Nearly three dozen counterfeit packages have been discovered in the npm package repository that are designed to exfiltrate sensitive data from developer systems, according to findings from Fortinet FortiGuard Labs.
One set of packages – named @expue/webpack, @expue/core, @expue/vue3-renderer, @fixedwidthtable/fixedwidthtable, and @virtualsearchtable/virtualsearchtable – harbored an obfuscated JavaScript file that’s capable of gathering valuable secrets.
This includes Kubernetes configurations, SSH keys, and system metadata such as username, IP address, and hostname.

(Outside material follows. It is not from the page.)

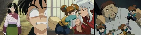 The Inuyasha group gather around the campfire preparing a very skimpy meal. Seems their money has run out. Of course, Shippo and Inuyasha have a little confrontation over who should get what. When the small fox demon loses out, Kagome generously gives Shippo her portion. Meanwhile, not far off, villagers have enlisted the help of the old woman exorcist, Haraiya. What could be scaring the villagers like this? The next day Inuyasha and the others approach the village, but no one seems to be needing help. Inuyasha wants to leave, but the others would like a bath, meal, and a warm bed. Just as Inuyasha questions how they are going to get money for that, Haraiya walks up to them. The group recalls when they first met this exorcist wannabe and quite honestly, can't believe that she has yet to retire. The old woman asks their help in solving the mystery of the demon who has been robbing the rich villagers and then making himself invisible to escape. Shippo guarantees his ability will solve this one. The group divides into two teams each staying in a rich villager's dojo. To Sango's amazement, Haraiya and Shippo are able to combine their powers to make Shippo disappear for a short time. The power works on her as well. Shippo and Sango venture out into the city believing they are invisible...which they are, but it eventually wears off. Hilariously, Sango has no idea that Miroku can see her. He is flirting with two women until his guilt gets the best of him. Sango is shocked when he gets on his knees and begs for her forgiveness. She believed no one could see her. Back at the dojo that Inuyasha's group is watching, Shippo is getting into mischief. Unbeknownst to him, his invisibility has worn off as well. (I laughed so much during this part!) Believing Inuyasha can't see him, Shippo taunts the hanyou using various means until Inuyasha gets pissed and smacks the small fox. However, Shippo believes that Inuyasha picked up his scent and still has no idea that he is no longer invisible. That evening Shippo is left to guard the scrolls as the others look for clues. It isn't long before a man paper thin makes his way into the dojo Shippo is guarding. Once inside the man converts into his real blubbery self. He grabs the scrolls. Shippo does his best to stop him. When the demonist man gets angry, Shippo finally realizes that he is NOT invisible! He runs calling for Sango and the old exorcist's help. They can't believe this huge man was able to get past them until they see him turn paper thin. It looks as if he disappears when he turns sideways. Inuyasha shows up and is able to grab the demon thief. "How?" the demon asks. The demon begs for forgiveness. They tell him that he must return what he has stolen. The demon's cave is full of stolen goods, but he resolves to return them and not steal again. An Ancestor Named KagomeComing Eventually! Mountain Of Demons: Survival of the DuoComing *sigh* Eventually! The Great Duel at Shoun FallsComing *sigh* *sigh* Eventually! Eternal Love, The Naginata of KenkonComing *sigh* *sigh* *sigh* Eventually! |

The cybersecurity firm said it also discovered another collection of four modules, i.e., binarium-crm, career-service-client-0.1.6, hh-dep-monitoring, and orbitplate, which results in the unauthorized extraction of source code and configuration files.
“The targeted files and directories may contain highly valuable intellectual property and sensitive information, such as various application and service credentials,” security researchers Jin Lee and Jenna Wang said. “It then archives these files and directories and uploads the resulting archives to an FTP server.”
Some of the packages observed have also been found leveraging a Discord webhook to exfiltrate sensitive data, while a few others are engineered to automatically download and execute a potentially malicious executable file from a URL.
In what’s a novel twist, a rogue package named @cima/prism-utils relied on an install script to disable TLS certificate validation (NODE_TLS_REJECT_UNAUTHORIZED=0), potentially rendering connections vulnerable to adversary-in-the-middle (AitM) attacks.
The cybersecurity company said it categorized the identified modules into nine different groups based on code similarities and functions, with a majority of them employing install scripts that run pre or post-install to carry out the data harvesting.
“End users should watch for packages that employ suspicious install scripts and exercise caution,” the researchers said.